The proximity labelling study also indicates a 3′UTR-mediated scheme for mRNA localization to certain organelles, such as mitochondria91. Along the same lines, using cell fractionation and 3′-end sequencing, another study found that aUTRs generally facilitate translation-independent endoplasmic reticulum association of mRNAs96. The authors also found that 3′UTR size, GC content and RNA structure are key features that can predict the potential of a given mRNA for translation-independent endoplasmic reticulum association. Although the underlying mechanism(s) are yet to be determined, some RBPs have previously been found to be endoplasmic reticulum bound97, which could potentially facilitate aUTR-mediated endoplasmic reticulum association. One ramification of translation-independent endoplasmic reticulum association is its influence on where in the cytoplasm an mRNA is translated, and hence the location of its newly made protein.

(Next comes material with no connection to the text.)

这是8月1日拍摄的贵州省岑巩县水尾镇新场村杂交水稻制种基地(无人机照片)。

Similarly, by analysing mRNAs that are enriched in the endoplasmic reticulum, cytosol and TIS granules (mesh-like condensate structures associated with the endoplasmic reticulum), it was found that most mRNAs have biased subcellular localization dependent on their sequence or functional features98. For example, mRNAs encoding transcription factors tend to be enriched in TIS granules, and endoplasmic reticulum-enriched mRNAs generally encode large proteins with high expression levels98.

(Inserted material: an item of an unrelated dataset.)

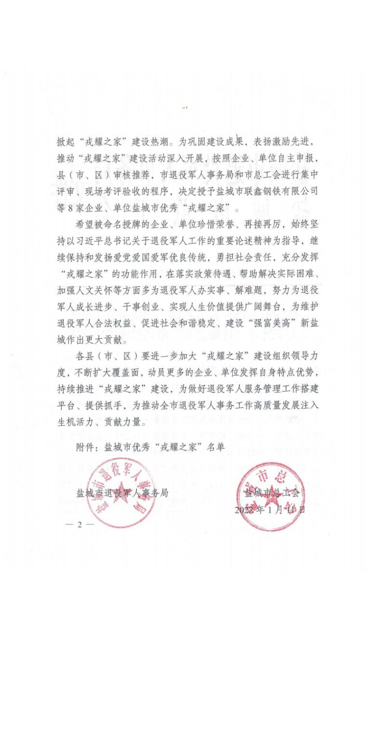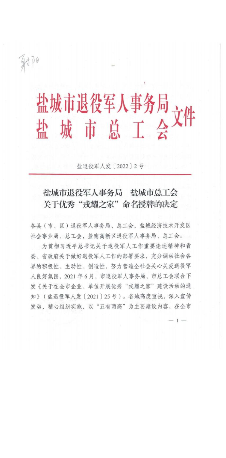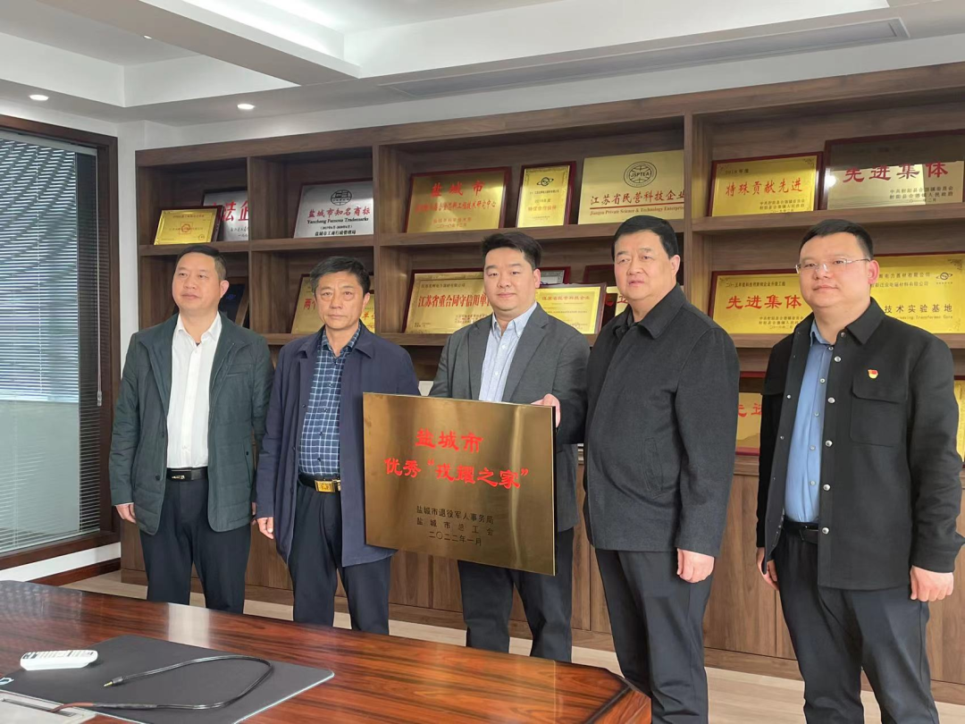 日前,盐城市退役军人事务局对全市8家优秀“戎耀之家”命名授牌。射阳县合德镇园区企业江苏光辉电力器材有限公司是盐城市唯一一个民营企业组织受到命名表彰。受市局委托县退役军人局长胡志海、副局长沈健为该公司送达了奖牌,镇人武部长陈随园陪同。

mRNA stability and translation
The 3′UTR contains many mRNA stability elements, such as AU-rich elements (AREs), GU-rich elements (GREs) and miRNA target sites99. Interestingly, the AAUAAA motif in the 3′UTR can also serve as a decay signal for LC3B-medicated mRNA decay, involving binding of mRNA by the lipidated autophagy regulator LC3B and subsequent mRNA deadenylation100. In addition, the size of the 3′UTR has a negative effect on mRNA stability through the NMD pathway, owing to either the length-dependent recruitment of UPF1 (ref. 101) or spurious splicing events in long 3′UTRs102. In several human cell lines103, it was reported that 3′UTRs in the newly made mRNA pool are globally longer than in the steady-state pool, which suggests that short 3′UTR isoforms are generally more stable than long 3′UTR isoforms. However, a less pronounced trend was reported in mouse NIH3T3 cells104. In addition, in activated T cells, which display global 3′UTR shortening, there are no discernible changes in mRNA levels that could be attributed to changes in 3′UTR lengths105. Therefore, the effects of aUTR on mRNA stability do not seem to be clear-cut, presumably owing to the variable milieus of mRNA-stabilizing and mRNA-destabilizing RBPs that determine the final outcomes of a specific 3′UTR isoform in different cells. A similarly complex relationship exists between 3′UTR isoforms and translation efficiency, as divergent results have been obtained in different cell types104–106. Of note, a recent analysis using a large number of ribosome profiling data reported a limited role of the 3′UTR in translation efficiency107.
In line with the cell type-specific influence on mRNA stability, it was found that long 3′UTR isoforms are relatively more stable in the neuronal cell line model SH-SY5Y than in the non-neuronal cell lines HEK293T and HepG2 (ref. 103). In keeping with this, mRNAs with greater stability have been shown to facilitate their localization to neurites108 and, in the neuropil compartment of the hippocampus, long 3′UTR isoforms are generally more stable than short 3′UTR isoforms88. In the latter study, the authors found that long 3′UTR isoforms for some genes can be shortened in a compartment-specific manner following neural activity, presumably through endonuclease cleavage or 3′-to-5′ degradation. Notably, this post-transcriptional remodelling of APA isoforms was also reported in ageing brain, where translation-coupled mRNA decay was implicated as the mechanism109.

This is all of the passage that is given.